最大84%増の「繰り下げ受給」…平均寿命から考える“もらい損”のリスク

ご存じの方も多いかもしれませんが、年金制度は2022年4月に大きく改正されました。主な変更点は2つ。

1つは、繰り上げ受給における減額率の見直しです。それまで、1か月繰り上げるごとに0.5%減額されましたが、改正後は0.4%になりました。

もう1つは、繰り下げ受給の年齢の上限が延びたこと。改正前の繰り下げの上限は70歳でしたが、75歳まで引き上げられました。1か月後倒しするごとに0.7%ずつ増額されるため、75歳まで10年繰り下げれば84%(0.7%×120か月)も増えます。

ちなみに、繰り下げの場合、年金の総受給額が65歳から受給し始めた人を上回るのは、受給開始から12年後となります。70歳で受給開始した場合は82歳、75歳なら87歳です。

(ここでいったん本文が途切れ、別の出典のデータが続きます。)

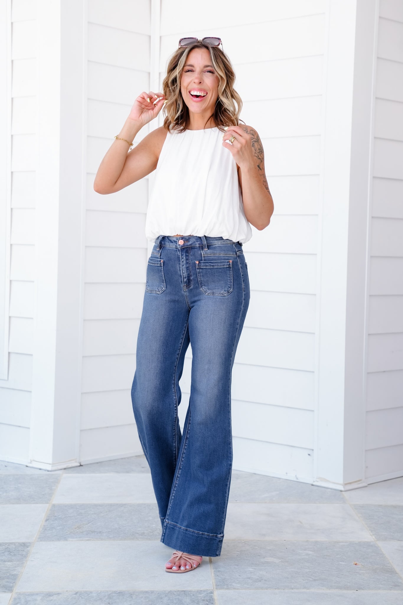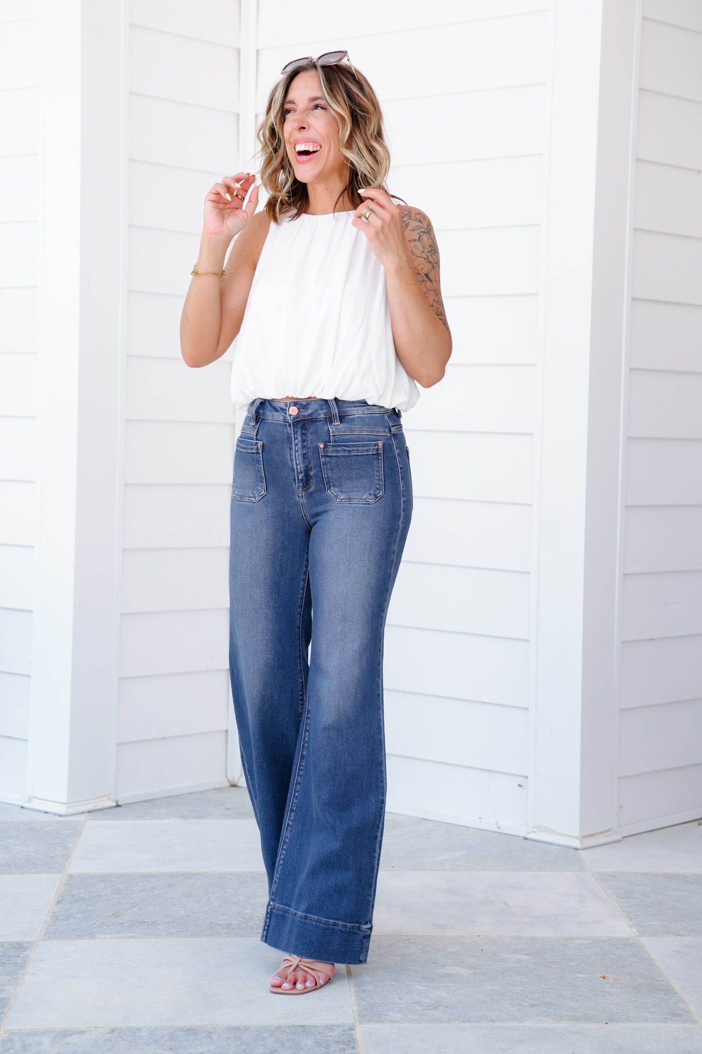 These wide leg flares are a total wardrobe game-changer. The high rise cinches in at just the right spot, while the trouser hem and clean dark wash keep the look sleek and versatile. The patch pockets give them a fun retro vibe without taking away from their polished feel.

年金は積み立て方式でないと理解していても、長年コツコツ納めてきたわけですから、できるだけ多く受け取りたいと思うのは当然です。

しかし、男性の平均寿命は約81歳。頑張って75歳まで繰り下げて増えたとしても、平均寿命までは6年程度です。65歳から受け取る方より受取総額が少なくなるリスクが高まります。

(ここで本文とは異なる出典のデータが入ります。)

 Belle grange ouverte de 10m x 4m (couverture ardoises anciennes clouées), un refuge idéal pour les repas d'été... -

夫婦で「月44万円」も夢ではないが…男女で異なる繰り下げ受給の“恩恵”

具体的に繰り下げによりどのくらい金額が増えるのか。男女別の「平均年金受給額早見表」(図表1)を見てみます。

[図表1]繰り下げ受給でもらえる平均年金受給額早見表

厚生年金に加入する65歳の男性の平均年金月額14万9000円、女性の9万3000円(基礎年金含む)をベースに、それぞれ75歳まで繰り下げた場合の金額をまとめています(2024年度時点)。

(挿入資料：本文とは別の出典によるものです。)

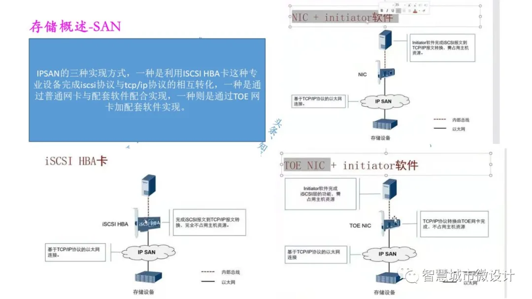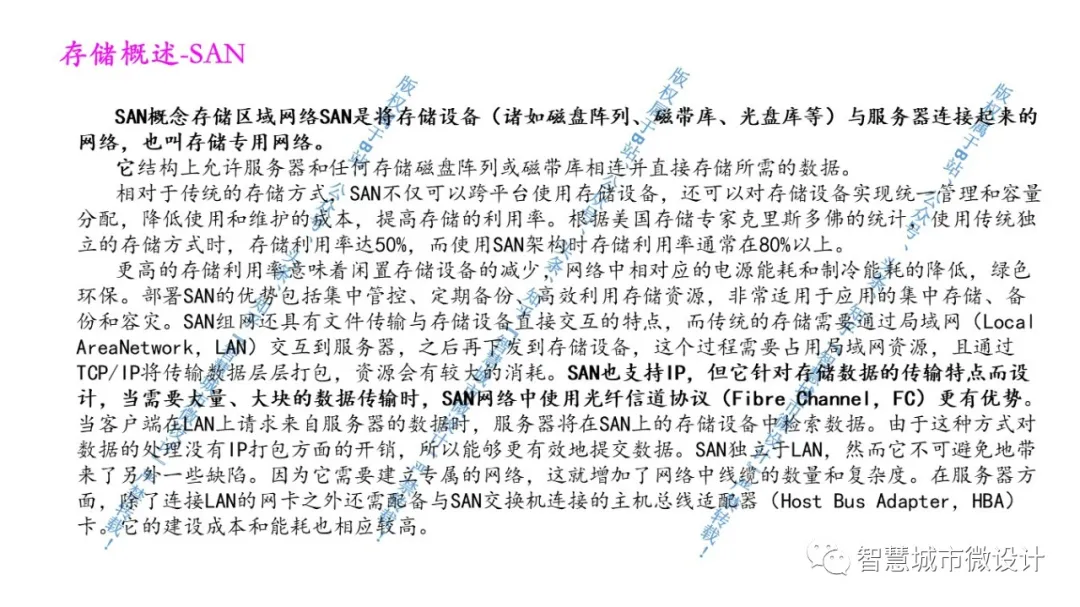 更高的存储利用率意味着闲置存储设备的减少,网络中相对应的电源能耗和制冷能耗的降低,绿色环保。部署SAN的优势包括集中管控、定期备份、高效利用存储资源,非常适用于应用的集中存储、备份和容灾。SAN组网还具有文件传输与存储设备直接交互的特点,而传统的存储需要通过局域网(Local AreaNetwork,LAN)交互到服务器,之后再下发到存储设备,这个过程需要占用局域网资源,且通过TCP/IP将传输数据层层打包,资源会有较大的消耗。SAN也支持IP,但它针对存储数据的传输特点而设计,当需要大量、大块的数据传输时,SAN网络中使用光纤信道协议(FibreChannel,FC)更有优势。当客户端在LAN上请求来自服务器的数据时,服务器将在SAN上的存储设备中检索数据。由于这种方式对数据的处理没有IP打包方面的开销,所以能够更有效地提交数据。SAN独立于LAN,然而它不可避免地带来了另外一些缺陷。因为它需要建立专属的网络,这就增加了网络中线缆的数量和复杂度。在服务器方面,除了连接LAN的网卡之外还需配备与SAN交换机连接的主机总线适配器(Host Bus Adapter,HBA)卡。它的建设成本和能耗也相应较高。

ちなみに、厚生年金に加入していた夫婦が同年齢で65歳から受給した場合、月額の合計は24万2000円。住居関連の支出にもよりますが、繰り下げ受給せずとも何とか暮らせそうな金額です。仮に、この夫婦がともに75歳まで繰り下げると、月額は計44万5280円。結構な金額に増えます。

ただし、何度も申しますが、無理は禁物です。たとえば、男性は68歳で受け取り、女性は72歳で受け取るなど、さまざまな選択肢が考えられます。

個人差はありますが、女性は平均寿命が90歳近いため、75歳から受け取り始めても損するリスクは少ないかもしれません。